All lines below between the line with "Mit dem hier" and the line with "Der Dreh- und", including both, must be copied exactly, and the pictures must be omitted.

DATASET CONTENT |
————

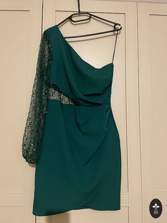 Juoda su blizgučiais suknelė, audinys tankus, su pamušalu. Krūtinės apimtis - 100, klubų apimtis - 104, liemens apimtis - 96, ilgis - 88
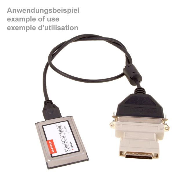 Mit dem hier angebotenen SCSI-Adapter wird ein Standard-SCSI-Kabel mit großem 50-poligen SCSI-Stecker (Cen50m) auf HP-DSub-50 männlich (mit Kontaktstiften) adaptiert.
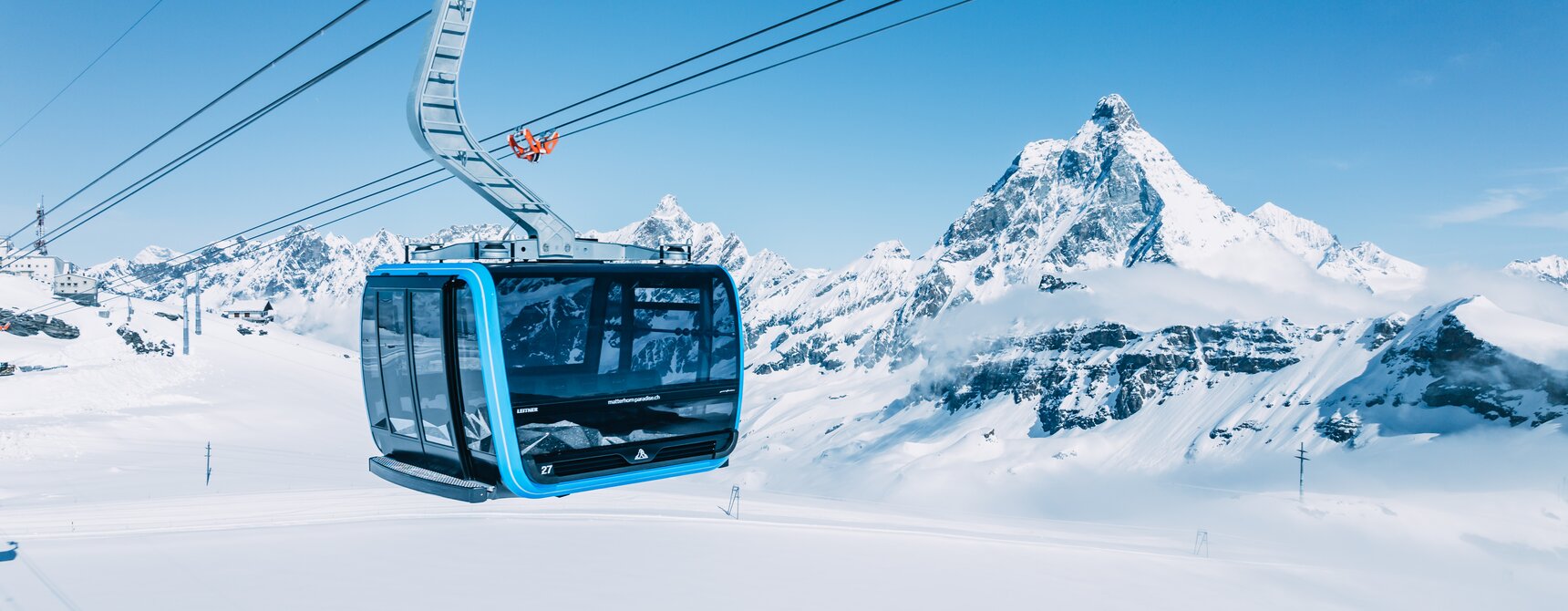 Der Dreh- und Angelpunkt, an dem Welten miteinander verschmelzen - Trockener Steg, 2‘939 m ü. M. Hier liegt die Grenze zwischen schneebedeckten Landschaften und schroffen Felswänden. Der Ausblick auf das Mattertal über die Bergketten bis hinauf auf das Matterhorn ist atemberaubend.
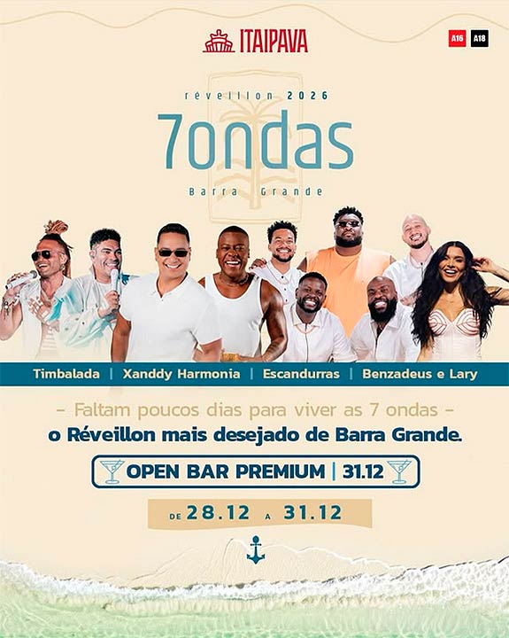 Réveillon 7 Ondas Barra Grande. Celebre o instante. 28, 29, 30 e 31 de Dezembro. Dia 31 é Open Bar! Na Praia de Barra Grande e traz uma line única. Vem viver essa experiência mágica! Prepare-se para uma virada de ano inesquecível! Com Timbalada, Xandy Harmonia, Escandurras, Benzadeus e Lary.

————

YOUR RESPONSE |
 Mit dem hier angebotenen SCSI-Adapter wird ein Standard-SCSI-Kabel mit großem 50-poligen SCSI-Stecker (Cen50m) auf HP-DSub-50 männlich (mit Kontaktstiften) adaptiert.
 Der Dreh- und Angelpunkt, an dem Welten miteinander verschmelzen - Trockener Steg, 2‘939 m ü. M. Hier liegt die Grenze zwischen schneebedeckten Landschaften und schroffen Felswänden. Der Ausblick auf das Mattertal über die Bergketten bis hinauf auf das Matterhorn ist atemberaubend.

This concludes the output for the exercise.